PostgreSQL Gets Better NoSQL Capabilities
PostgreSQL 9.4 Beta comes with the much-anticipated "binary JSON" type, JSONB. This new storage format for document data is higher-performance and comes with indexing, functions and operators for manipulating JSON data.
The JSONB type is a confluence of two projects - HStore and JSON. JSONB has everything JSON had, but is more efficient in storage due to the binary representation, and faster due to indexing. Eventually, all current HStore and JSON users are expected to move to JSONB.
Why would NoSQL features be important for PostgreSQL, when it's traditional user base has been developers needing solid relational capabilities or users switching from enterprise databases such as Oracle? Josh Berkus, one of the core team members, shares some insights.
The Oracle market, while presently large, is not growing, at all. The actual population of Oracle users who can defect to PostgreSQL is even smaller than that. No matter how many features we ever add, we can never be better at being Oracle than Oracle can.

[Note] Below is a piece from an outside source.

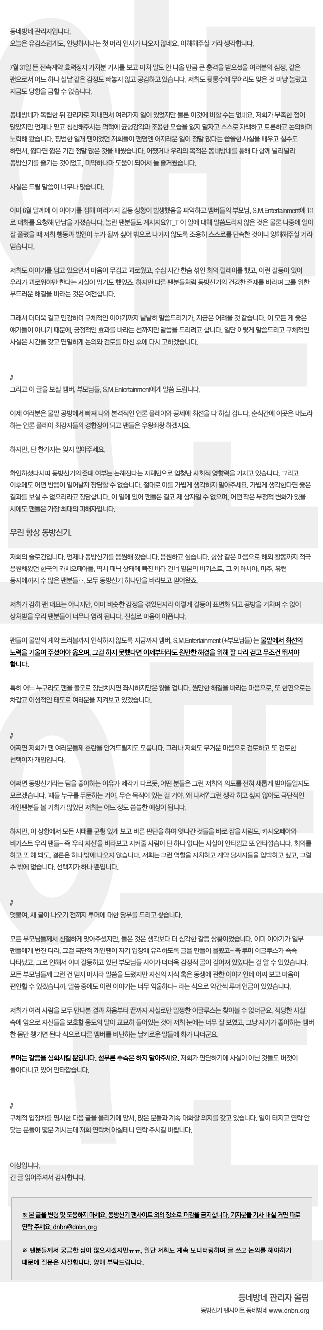 지금도 늦지 않았습니다. 지금도 충분히 가능성은 있다고 생각합니다. 1%의 희망이라도 불가능을 가능하게 만들어낼 수 있으니까요. 동방신기가 처음 일본 진출했을 때, 모두들 불가능하다고 생각했던 조건들 속에서도 지금의 자리에 오를 수 있었던 건 ‘할 수 있다’ 는 희망에 모두의 노력이 더하여진 결과물이라는 걸 잊지 마세요. 우리에게는 아직 희망이 있습니다. 이제 필요한 건 여러분의 노력입니다. =============================== ※ 개인 팬 사이트 마스터분들. 위에서 혹시라도 팀에 폐를 끼치게 될지 몰라서 하는 수없이 침묵하고 있던 소수의 일부 개인팬사이트들까지 dis하는 뉘앙스를 다소 풍긴 탓에 어처구니가 없으시리라 생각됩니다. 팬들에게 일부 개인 팬사이트까지 오해하게 한 그 부분에 대해서는 진심으로 사과 드립니다. 죄송합니다. 하지만 현 상황상 참 그렇습니다. 개인 팬 사이트 마스터분들도 이번

Innovative technologies succeed because they reach new users and grow the market.
The other comments in the same thread also make it clear how several startups using PostgreSQL with technologies such as Node, Python, Go or Ruby are looking forward to using fast JSON support.
Considering these points, it is evident that first-class, performant support for JSON without compromising on it's traditional strengths such as reliability, can help PostgreSQL grow into new use cases.

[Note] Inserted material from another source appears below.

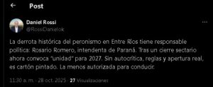 “La derrota histórica del peronismo en Entre Ríos tiene responsable política: Rosario Romero, intendenta de Paraná. Tras un cierre sectario ahora convoca “unidad” para 2027. Sin autocrítica, reglas y apertura real, es cartón pintado. La menos autorizada para conducir” posteó rossi en X.

There are still areas where other NoSQL databases could be better fit - for e.g. Bruce Momijan, a core team member and Senior Database Architect at EnterpriseDB, suggested (via email) -
Even as PostgreSQL expands in functionality and capability, there are still some edge cases where a NoSQL solution might be a better fit. Cassandra, being columnar, is good for unstructured data with lots of duplication, like log files, and it’s good at adding new nodes. Postgres will remain out front, however, for applications that can benefit from NoSQL functionality but require ACID compliance too.
Robert Haas, a major contributor and Senior Database Architect at EnterpriseDB added -
One example is if you're using MapReduce for highly parallel query processing. In that case, you might be better off with something like Hadoop. Another example would be if your data model is going to require lots of small changes to large JSON objects. Some NoSQL solutions may be able to handle this case more efficiently.
Other than specific uses cases, however, for developers needing flexibility between schema-less and relational storage for different types of data in the same application, as well as ACID guarantees, Postgres is beginning to make a compelling case.
Note that JSONB is not the only major features introduced in 9.4. There are several others -
- Data Change Streaming API allows decoding and transformation of the replication stream. This lays the foundation for new replication tools that support high-speed and more flexible replication and scale out solutions.
- Materialized views with "refresh concurrently"
- ALTER SYSTEM SET, enables modifying postgresql.conf from the SQL Command Line and from remote clients, for easier administration
As well as several minor features -
- Dynamic Background Workers
- Replication Slots
- Write Scalability Improvements
- Several performance improvements, such as for aggregates, smaller GIN indexes, reductions in WAL volume
- Updatable security barrier views
- New Array manipulation and table functions
- Time-delayed standbys
- MVCC system catalog updates
- Decrease lock level for some ALTER TABLE commands
- Backup throttling
- WITHIN GROUP
You can see the release notes for a full list of changes.